История собственной жизни, рассказанная Клюевым в 1920-е годы, во многом определялась тем мифическим образом, который постепенно овладевал его сознанием. «Отпрыск Аввакума», призванный якобы говорить «от уст народа», от лица его древней религиозной культуры, Клюев вряд ли мог довольствоваться событиями своей, по-видимому, «обыкновенной» юности в провинциальном Вытегорском уезде. Творимый Клюевым миф требовал – для пущей убедительности – ярких деталей, высвечивающих, например, «аввакумовское» происхождение поэта, знание им «скрытой» народной жизни, его причастность к таинственной «народной душе» и пр.
Важным компонентом этой «биографии» оказалась и встреча с Л.Н. Толстым.

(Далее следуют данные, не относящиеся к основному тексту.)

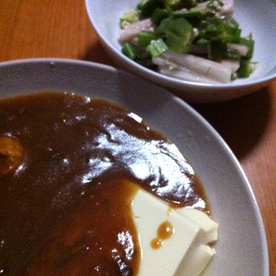 今晩はカレー豆腐+山芋短冊オクラ。

Она состоялась, если верить Клюеву, приблизительно в 1890-е годы в Ясной Поляне, куда юноша будто бы заходил, странствуя по России с сектантами («корабельщиками»). Об этом рассказывается в очерке «Гагарья судьбина»:
«За свою песенную жизнь я много видел знаменитых и прославленных людей. Помню себя недоростком в Ясной Поляне у Толстого. Пришли мы туда с рязанских стран: я – для духа непорочного, двое мужиков под малой печатью и два старика с пророческим даром.
Толстой сидел на скамеечке, под веревкой, на которой были развешаны поразившие меня своей огромностью синие штаны.

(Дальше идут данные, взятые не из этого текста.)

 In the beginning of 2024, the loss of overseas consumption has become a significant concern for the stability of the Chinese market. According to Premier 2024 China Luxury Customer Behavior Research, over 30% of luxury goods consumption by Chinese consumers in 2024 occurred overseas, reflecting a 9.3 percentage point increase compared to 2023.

Кое-как разговорились. <...> Я подвинулся поближе и по обычаю радений, когда досада нападает на людей, стал нараспев читать стих: «На горе, горе Сионской...», один из моих самых ранних Давидовых псалмов. Толстой внимательно слушал, глаза его стали ласковы, а когда заговорил, то голос его стал повеселевшим: «Вот это настоящее... Неужели сам сочиняет?..»

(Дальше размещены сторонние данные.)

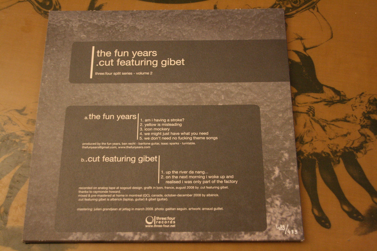 Two is the right number to symbolize this release. Here is the second volume of our split series that highlights 2 two-man bands living in two different cities. Whereas the fun years live in different parts of the United States, .cut is based in Montreal and Lyon, where gibet, Albérick's accomplice, lives. Musically, this record gathers two of the most exciting laptop & guitar duets.
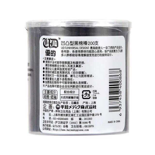 Watsons UD excellent concave and convex black cotton swabs 200 * 2 boxes spiral paper shaft cotton swab cotton swab double-headed
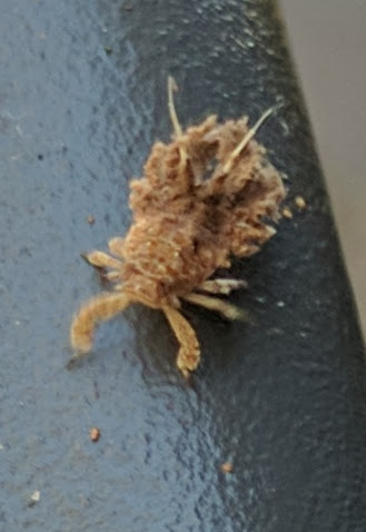 Last year, another odd little bug paid a call. This one was very small indeed. It’s on the armrest of a garden chair:
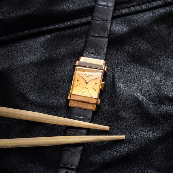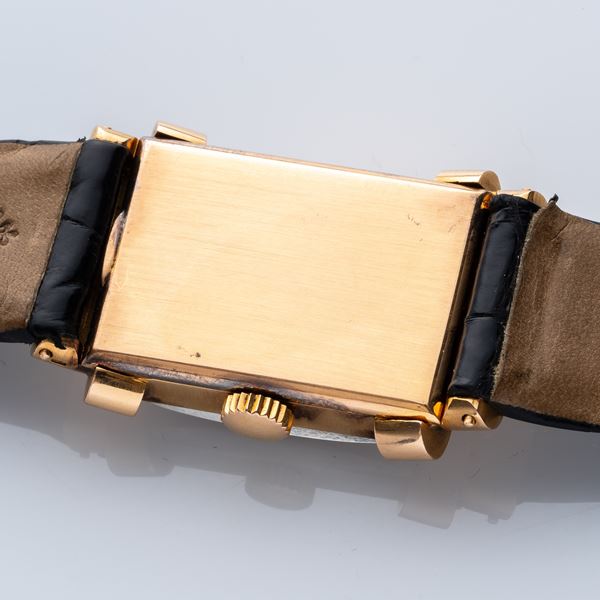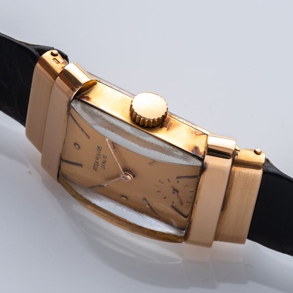 Note: Quadrante rosa salmone, piccoli secondi ad ore sei. Sfere a bastone. Vetro di forma minerale. Fibbia in oro 18kt Patek Philippe, cinturino in coccodrillo Patek Philippe.

Больше мы ничего не добились от Толстого. Он пошел куда-то вдоль дома... На дворе ругалась какая-то толстая баба с полным подойником молока, откуда-то тянуло вкусным предобеденным духом, за окнами стучали тарелками... И огромным синим парусом сердито надувались растянутые на веревке штаны.
Старые корабельщики со слезами на глазах, без шапок шли через сад, направляясь к проселочной дороге, а я жамкал зубами подобранное под окном яснополянского дома большое с черным бочком яблоко.
Мир Толстому! Наши корабли плывут и без него».
Итак, все, что касается первых двадцати лет жизни Клюева, покрыто туманом, сомнительно, неопределенно. Возможно, из рассказов Клюева о себе удастся когда-нибудь извлечь и крупицы правды. Но в общих очертаниях истоки его биографии вырисовываются уже и теперь. Ясно, например, что Клюев с самой ранней юности был человеком религиозного склада. «Поэт исключительно религиозен», – писал о Клюеве Брихничев в 1912 году; о том же свидетельствуют и письма Клюева к Блоку. Однако почти с уверенностью можно утверждать, что в жизни молодого Клюева преобладали не столько таинственные сношения с сектантами и описанные им позднее необыкновенные приключения, сколько грубые будни провинциальной российской действительности. А.К. Грунтов пишет, что Клюев уже в начале 1900-х годов «стал уходить на заработки в Петербург». По всей видимости, он ездил в Петербург с земляками-вытегорами, сбывавшими в столице рыбу или звериные шкурки. А его духовная жизнь, конечно, не сводилась к одному лишь религиозному чувству: юноша увлекался литературой, сам пытался писать стихи и был, кроме того, весьма чуток к приближающимся раскатам революционной грозы.
Глава 2
РЕВОЛЮЦИЯ 1905 ГОДА
О настроениях и взглядах Клюева в 1903-1904 годах позволяют судить его ранние стихотворения,* [В анкете Всероссийского Союза поэтов Клюев весной 1925 г. указал, что начал писать стихи «лет около двадцати от роду»] напечатанные в сборнике «Новые поэты» (СПб., 1904). Это – первая из известных публикаций Клюева. К сожалению, отсутствуют сведения, которые могли бы пролить свет на историю создания этого сборника, объединившего под своей обложкой стихи начинающих поэтов «из народа», на личность его издателя Н. Иванова и отношения между издателем и молодым олонецким поэтом.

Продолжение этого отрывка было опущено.